Can be updated with new faces
Robust to lighting changes
Faster training

Training and Prediction

# Prepare training data
faces = [gray_face1, gray_face2, ...]  # Same size
labels = np.array([0, 0, 1, 1, 2, ...])  # Person IDs

# Train
recognizer.train(faces, labels)

# Predict
label, confidence = recognizer.predict(test_face)
# Lower confidence = better match

# Update (LBPH only)
recognizer.update(new_faces, new_labels)

# Save/Load
recognizer.save('model.yml')
recognizer.read('model.yml')

Face Alignment

Normalize face orientation before recognition:

def align_face(img, left_eye, right_eye):
    # Calculate rotation angle
    dY = right_eye[1] - left_eye[1]
    dX = right_eye[0] - left_eye[0]
    angle = np.degrees(np.arctan2(dY, dX))

    # Eye center
    eye_center = ((left_eye[0] + right_eye[0]) // 2,
                  (left_eye[1] + right_eye[1]) // 2)

    # Rotate
    M = cv2.getRotationMatrix2D(eye_center, angle, 1.0)
    aligned = cv2.warpAffine(img, M, (img.shape[1], img.shape[0]))

    return aligned

2. Object Tracking

Object Tracking Concept:

┌─────────────────────────────────────────────────────────────────────┐
│                    Object Tracking                                  │
├─────────────────────────────────────────────────────────────────────┤
│                                                                     │
│   Frame 1            Frame 2            Frame 3            Frame N │
│                                                                     │
│   ┌───────────┐     ┌───────────┐     ┌───────────┐     ┌────────┐│
│   │     ┌─┐   │     │       ┌─┐ │     │         ┌─┐     │    ┌─┐ ││
│   │     │●│   │────▶│       │●│ │────▶│         │●│────▶│    │●│ ││
│   │     └─┘   │     │       └─┘ │     │         └─┘     │    └─┘ ││
│   │           │     │           │     │           │     │        ││
│   └───────────┘     └───────────┘     └───────────┘     └────────┘│
│                                                                     │
│   Initialize        Predict new        Update model     Continuous │
│   with bbox         location           with appearance  tracking   │
│                                                                     │
│   ┌─────────────────────────────────────────────────────────────┐  │
│   │ Tracking vs Detection:                                      │  │
│   │ • Detection: Find all objects each frame (slow but robust) │  │
│   │ • Tracking: Follow known object between frames (fast)      │  │
│   │ • Best: Combine both (detect periodically, track between)  │  │
│   └─────────────────────────────────────────────────────────────┘  │
│                                                                     │
└─────────────────────────────────────────────────────────────────────┘

Tracker Types

Tracker	Speed	Accuracy	Occlusion	Description
BOOSTING	Slow	Low	Poor	AdaBoost-based
MIL	Slow	Medium	Poor	Multiple Instance Learning
KCF	Fast	Medium	Poor	Kernelized Correlation Filters
TLD	Medium	Medium	Good	Tracking-Learning-Detection
MEDIANFLOW	Fast	High	Poor	Optical flow based
MOSSE	V.Fast	Low	Poor	Minimum Output Sum of Squared Error
CSRT	Medium	High	Medium	Discriminative Correlation Filter
GOTURN	Slow	High	Good	Deep learning (CNN)
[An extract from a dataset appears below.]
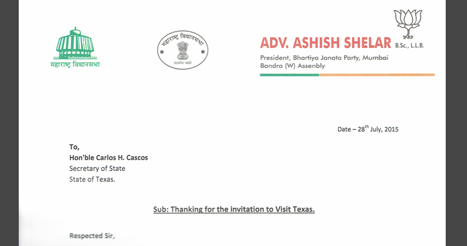 Letter from MLA Ashish Shelar for Cricket

KCF (Kernelized Correlation Filters)

What it does: Tracks using correlation filters in Fourier domain.

Correlation Filter:

Train filter h that produces high response at target:

g = h ⊛ x

Where:
  x = image patch
  h = filter
  g = response map
  ⊛ = correlation

Fourier Domain (fast computation):

G = H* ⊙ X

Where:
  H* = complex conjugate of filter
  ⊙ = element-wise multiplication

Kernel Trick:

Use non-linear kernel for better separation:

k(x, x') = exp(-1/σ² × (||x||² + ||x'||² - 2F⁻¹(X* ⊙ X')))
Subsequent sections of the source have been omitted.